== Data

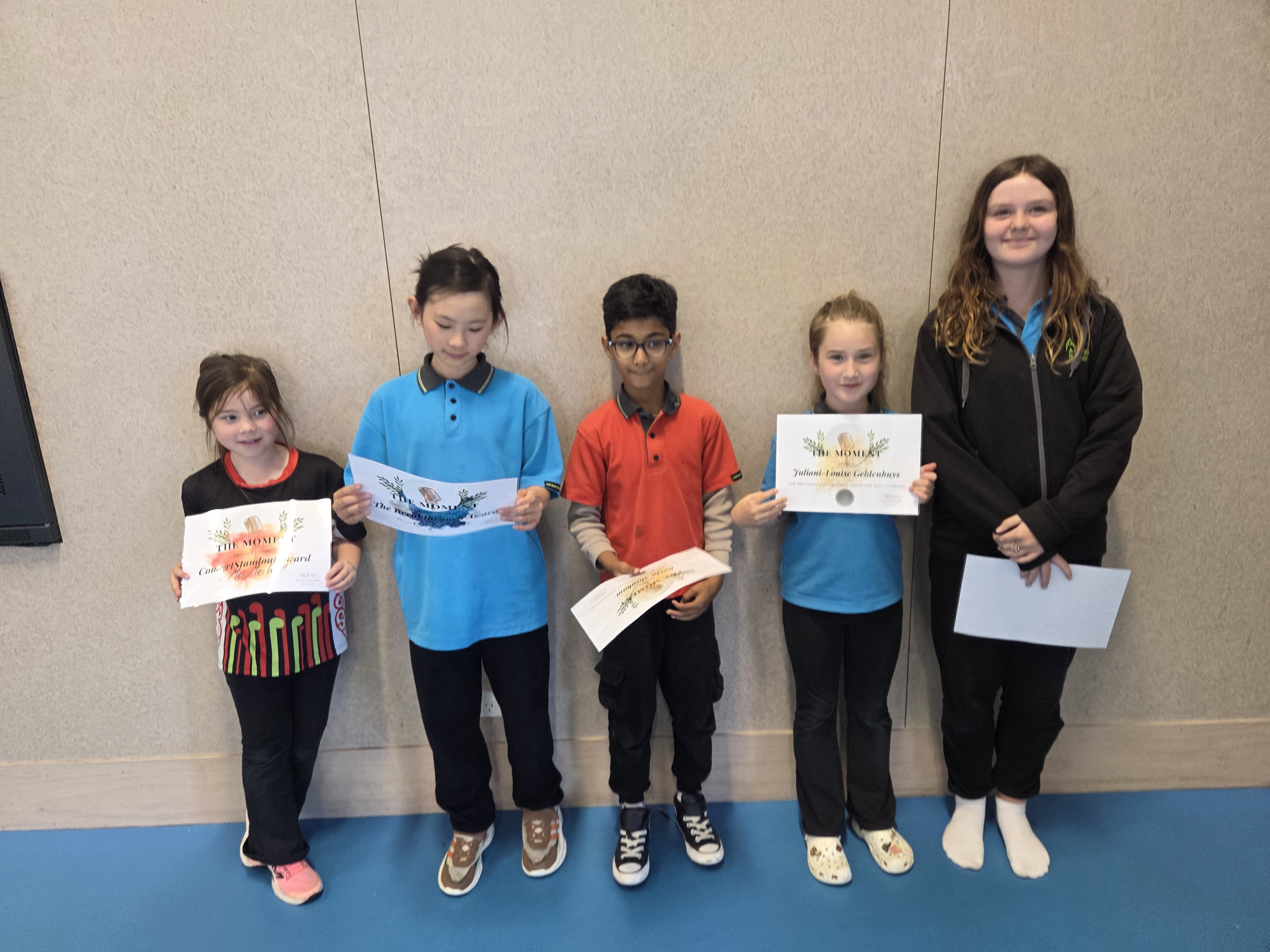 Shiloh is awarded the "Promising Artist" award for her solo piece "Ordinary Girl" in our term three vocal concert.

====
== Data

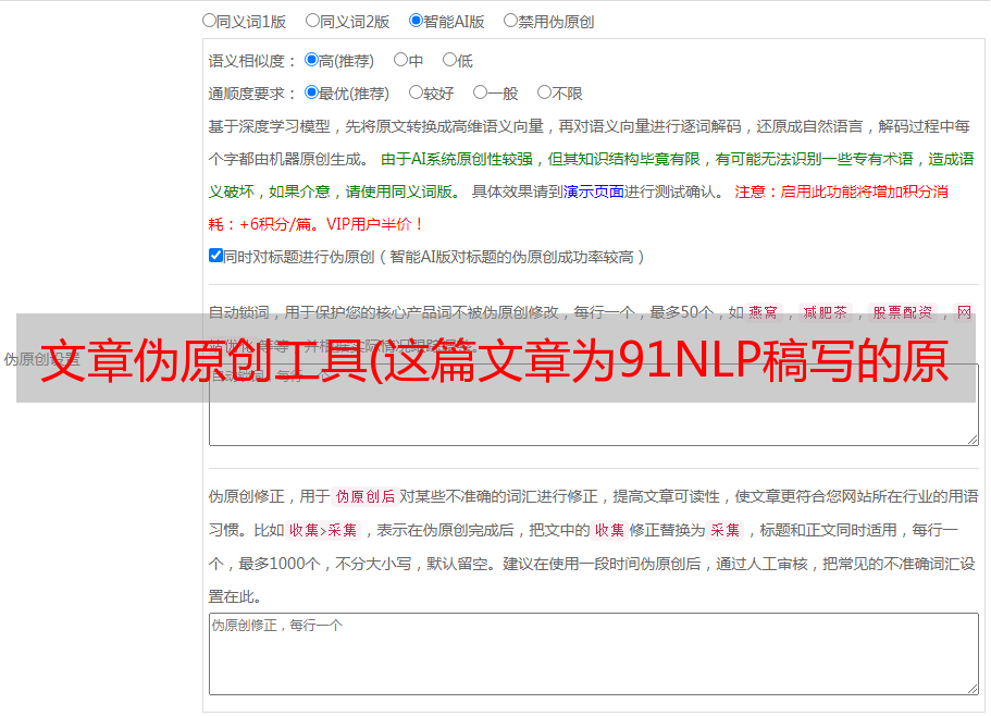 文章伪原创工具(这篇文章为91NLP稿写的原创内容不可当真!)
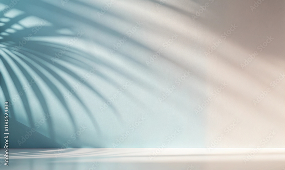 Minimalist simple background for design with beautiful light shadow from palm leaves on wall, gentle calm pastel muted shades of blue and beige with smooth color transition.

====

Whatever pictures the records hold, omit them; give again exactly the lines from the one containing "文章伪原创工具(这篇文章为91NLP稿写的原创内容不可当真!)" through the one containing "Minimalist simple background".

 文章伪原创工具(这篇文章为91NLP稿写的原创内容不可当真!)
 Minimalist simple background for design with beautiful light shadow from palm leaves on wall, gentle calm pastel muted shades of blue and beige with smooth color transition.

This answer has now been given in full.